Agri Compass collects data on these measures, digitising entire crop value chains. It then analyses data to measure, monitor and manage change in processes and gives information back to growers for free so they can improve profitability.
Companies and other stakeholders pay to access the anonymous information to improve their economic, social, technical and environmental processes. Roelof says: “We are proud we can feed 10 billion people, but it is at a huge cost.
We are leaving things such as biodiversity to vested corporate interest and a few interest groups. We need a system to bring everything together.”
“I have always had a passion for growing plants,” says William Pelton, who says time on his grandfather’s farm had a big impact on him.
William went on to study botany and genome editing, becoming fascinated by the molecular mechanisms controlling plants, but he did not feel his research had enough of a real-world effect.
“It became clear that as our world changes due to issues such as climate change, we must look to plants for answers.”
That is why he co-founded Phytoform Labs, with the aim of creating the next generation of crops. The company uses artificial intelligence and cutting-edge biotechnology to discover, then add genetic traits into, crops, in a much faster way than traditional genetic modification.
This means the rapid evolution of crops with the aim of solving problems in sustainability and health.
Agriculture was not something David Scott had thought much about until meeting a farmer developing a vertical farming system. Until then, he had been working as a mechanical engineer designing lifts and cranes.

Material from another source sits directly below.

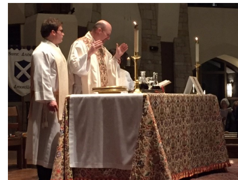
Holy Eucharist at 8:00 am & 10:30 am
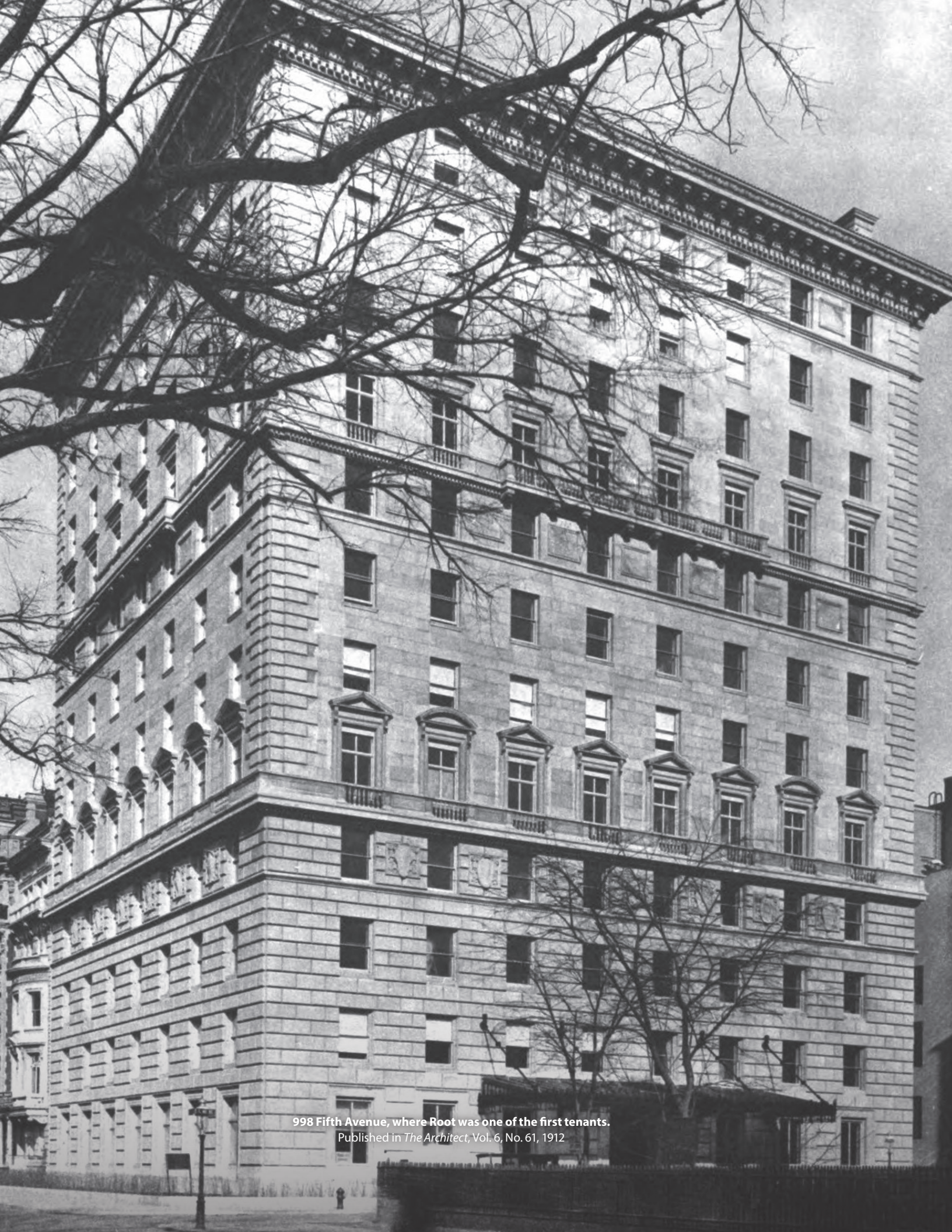
998 Fifth Avenue, where Root was one of the first tenants. Published in The Architect , Vol. 6, No. 61, 1912

David says: “He was supplying Michelin-starred restaurants with micro-vegetables using a vertical farming system. He knew it was not scaleable, but that indoor farming was a good idea, and that if we could lower the costs, it could have a future.” Six years on and he has developed Intelligent Growth Solutions.
The company has created a more affordable vertical farming system based on towers of stacked trays. The system can be easily added to and scaled up as business and income grows, reducing set-up costs.
The system also allows for a wider range of adjustable variables: spectrums of light; water acidity; pH; nutrient mix; and air temperature.
Using computer calculations, variables can be manipulated to alter taste, nutritional value and look of crops. Crop inspections, using cameras and sampling, is automated, as is harvest, and customer findings are pooled and shared.
Finalists will be invited to pitch their ideas to a panel of judges at Farm491, Cirencester, on November 21, 2019.